> _About this task_
Return, with both end lines included, exactly what the data below holds from the line with "Съставки: свинско месо, говеждо" through the line with "ボール・ベル・ベルダ―という", though not the pictures.

[Material for this exercise — start]

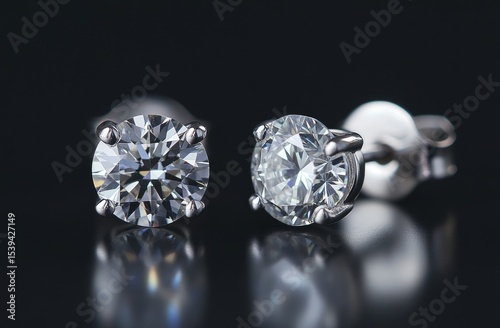 Close-up of elegant diamond stud earrings on black background (2)
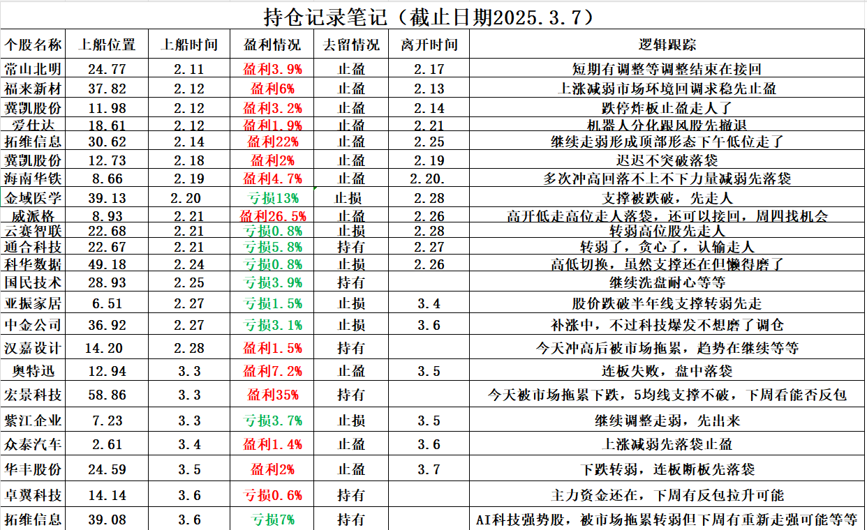 汉嘉设计300746:汉嘉有点冤枉,今天低开高走,的确跟随deepseek概念超跌补涨逆势拉升,但最高冲到5个多点后震荡回落,当时通过观察盘面,我是知道今天冲击3400大概率市场会弱势调整的,估计下周才会重新冲击整数关口,我也在盘中留言和大家说了涨幅4个多点左右高位可以适当减仓,回落后接回T,这样锁定了拉升的利润,短线稳健的可以做这个运作,收盘后果然被拖累回调了,不过该股10均线支撑不远依然向上运行,位置不高,而且deepseek概念下周还会继续活跃爆发,给冲击3400做推动,T了最好,没T也耐心等等。
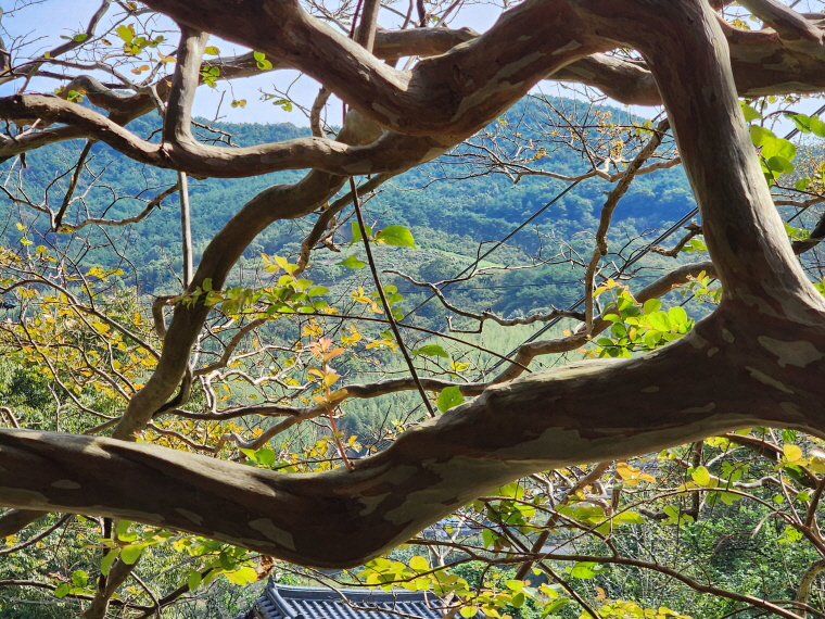 - 이 나무는 바위 아래에서 태어나 휘어져 살아남았다. 대단하다!
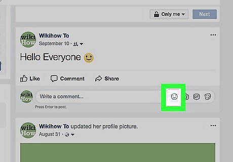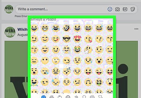 Click the smiley face icon. It's in the far-right side of the comment box if you're leaving a comment. Doing so prompts a drop-down menu. If you're creating a status, you'll see the smiley face in the lower-right side of the status box. On posts with large numbers of comments, you'll first have to click Comment below the post.
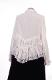 | huomiot | Osan tekniikka: käsityö/tekstiili; Osan materiaali: lanka; Osan mitat: pituus 45.00 cm; pituus 60.00 cm; leveys 4.50 cm; pituus 38.00 cm; Osa: etukappale; hiha; pitsi; takakappale; takaröyhelö |
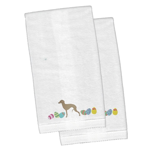 Italian Greyhound Easter White Embroidered Plush Hand Towel, 2PK
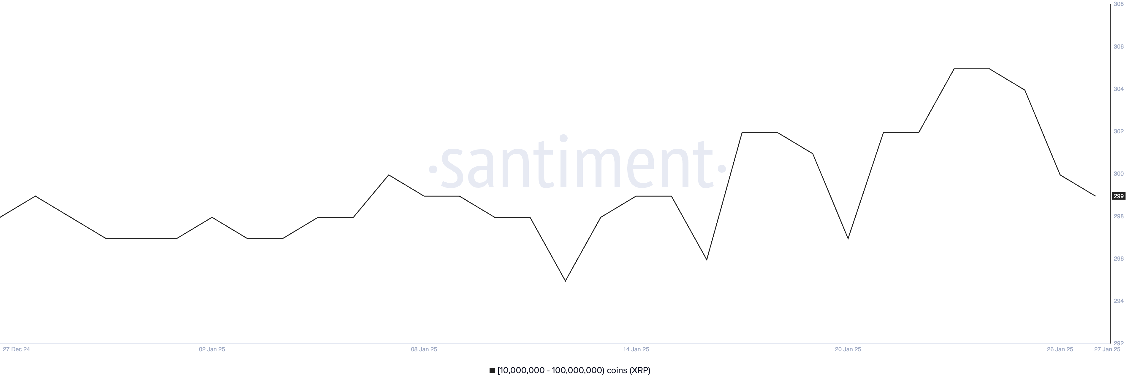 XRP whale addresses—those holding between 10 million and 100 million XRP—reached 305 on January 23 and 24, marking one of the highest levels ever recorded.
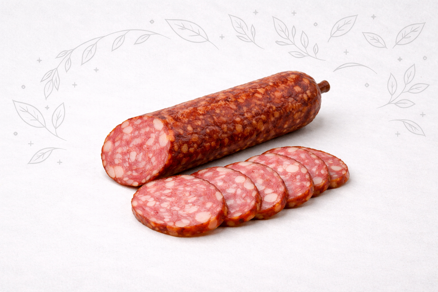 Съставки: свинско месо, говеждо месо, сланина, сол, млечни протеини – до 0,005%, екстракти от подправки, (стабилизатор: трифосфати; антиоксидант: изоаскорбинова киселина; консервант: натриев нитрит; оцветител: кармин – общо до 0,002%).
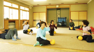 ボール・ベル・ベルダ―という3種類の用具を使い、楽しみながら健康づくりをしています。
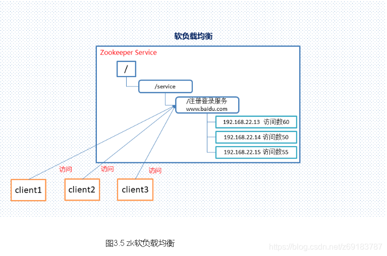 每个到服务列表下注册的服务节点,相应的znode下的数据会保存服务地址,以及当前处理的访问数。当客户端来获取服务列表时,可以根据访问数选择比较少的一个服务节点进行请求的分发。达到一定的负载均衡的作用。

[Material for this exercise — finish]

> _Reply_
 Съставки: свинско месо, говеждо месо, сланина, сол, млечни протеини – до 0,005%, екстракти от подправки, (стабилизатор: трифосфати; антиоксидант: изоаскорбинова киселина; консервант: натриев нитрит; оцветител: кармин – общо до 0,002%).
 ボール・ベル・ベルダ―という3種類の用具を使い、楽しみながら健康づくりをしています。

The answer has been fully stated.